Update: Google responded to our request for comment by saying that 8K video has been supported since 2010, but that labeling for 8K video (the 4320p/8K quality setting like pictured above) was added “earlier this year.” We’re not sure how long ago they really mean, but a simple search on Reddit shows threads about the new label surfacing just over the past few days (Marques Brownlee also noticed it today), so there’s reason to believe it was a recent change.

It may seem a bit excessive to most of us, but it seems that playback of 4320p, 8K video is now possible on YouTube. The playback works in Chrome (although most consumers can barely play 4K at 60fps as it is), but YouTube doesn’t have any official announcement yet mentioning 8K video playback support…

The video above, called “Ghost Towns” and uploaded just yesterday, was filmed on a RED Epic Dragon 6K in portrait orientation and then stitched together in Adobe After Effects. To meet the 7.6K standard, some shots were simply scaled up by 125% from 6.1K. There are only a handful of 8K cameras available, and even still most won’t even arrive in the hands of customers until late 2015. Here are four of them:

  • AH-4800, a camera capable of recording in 8k resolution. Unveiled by Astro Design on April 6, 2013.
  • RED 8K Weapon Vista Vision arrives at the end of 2015, sporting an 8192×4320 that shoots 8K at 60 fps in full-sensor mode, or at up to 75 fps in a scope (2.40:1) frame format.

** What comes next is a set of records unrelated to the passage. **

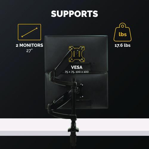 Platinum Series Dual Stacking Arm For 27″ Monitors, 360 Deg Rotation, 180 Deg Tilt, 360 Deg Pan, Black, Supports 22 Lb
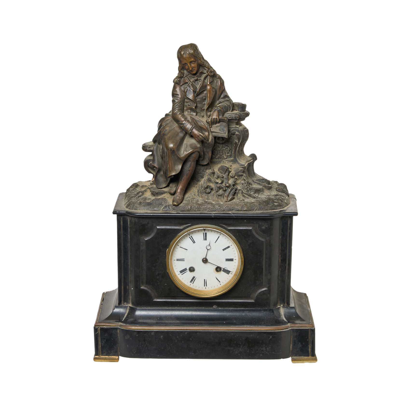 Reloj francés de sobremesa en bronce patinado y mármol negro coronado con representación de escritor. Esfera en porcelana esmaltada con numeración romana con sonería de horas y medias. Maquinaria París Japy Freres, c.1888.
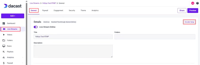 From your RTMP/SRT channel settings, click on the "General" tab. Click on the "Encoder Setup" button near the top right of the page to open a modal
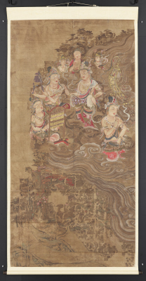 アミダニジュウゴボサツライゴウズ(モホン)(サフク) 阿弥陀二十五菩薩来迎図(模本)(左幅)
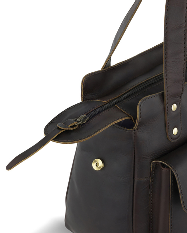 Сумка женская через плечо KLONDIKE RUSH «Zoe», натуральная кожа в темно-коричневом цвете, 28 х 24 х 18 см
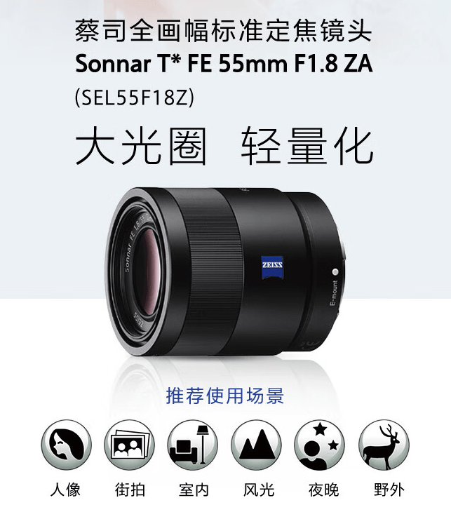 原标题:索尼 Sonnar T* FE 55mm F1.8 ZA 全画幅镜头到手价 3499 元
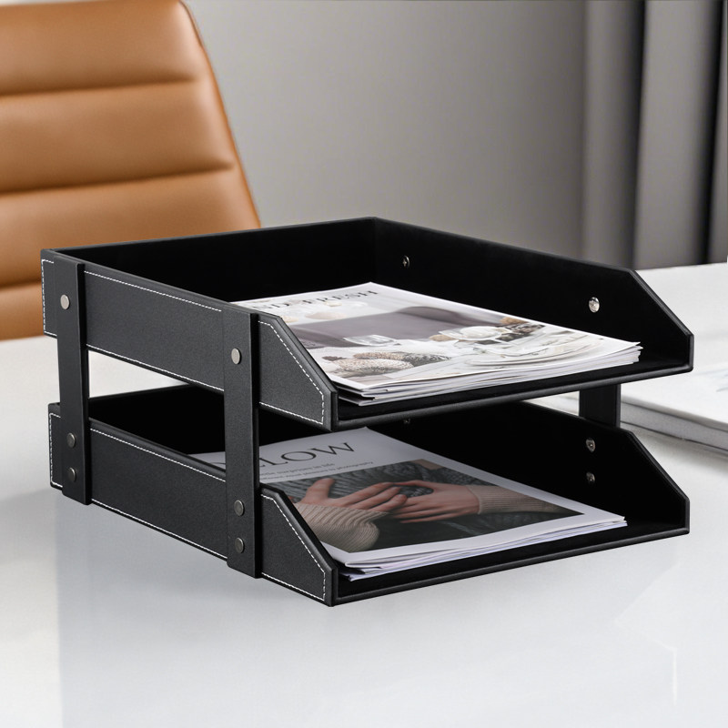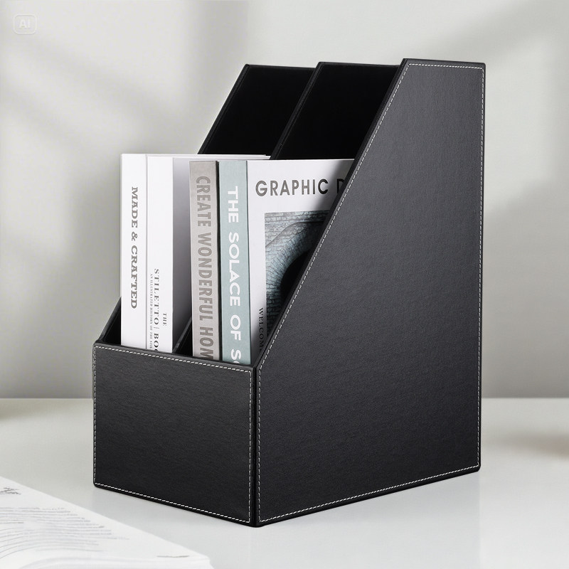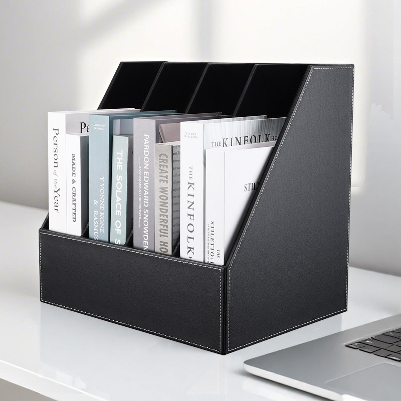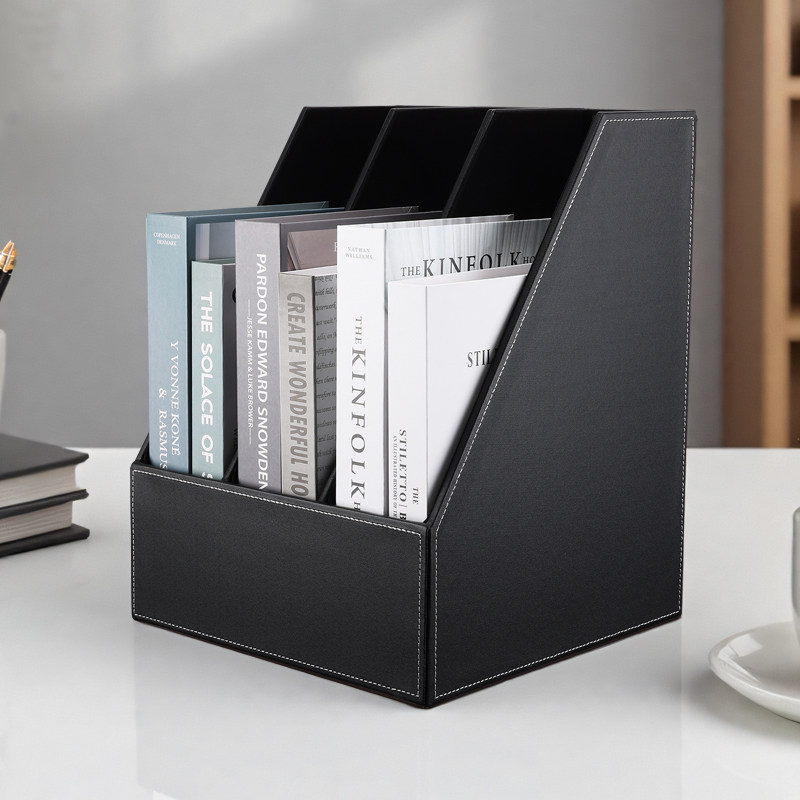 办公用品创意文件柜高档皮革文件框大容量桌面收纳四联文件座咖色

Unveiled at the National Association of Broadcasters 2015.
  • Ikegami SHK-810 8K UHDTV camera. Unveiled at the National Association of Broadcasters 2015.
  • Hitachi SK-UHD8060. Unveiled at the National Association of Broadcasters 2015.

When it comes to resolution and the ability of consumers to play high-resolution content like this at a high enough frame-rate to be watchable, YouTube faces a chicken and egg problem. Without 8K content, there’s less incentive to buy hardware which supports the playback of it, and without hardware that supports 8K video there’s less incentive to produce and share it. Also keep in mind that to completely remove the pixelation effect from virtual reality video, screen resolution will likely have to go far beyond the resolution of 4K. And we all know how interested Google is in VR.

It’s very possible that this is the first time we’re seeing 8K video playable on YouTube simply because, as mentioned, there aren’t many cameras capable of shooting in that resolution. We’re waiting to hear back from Google on a request for comment.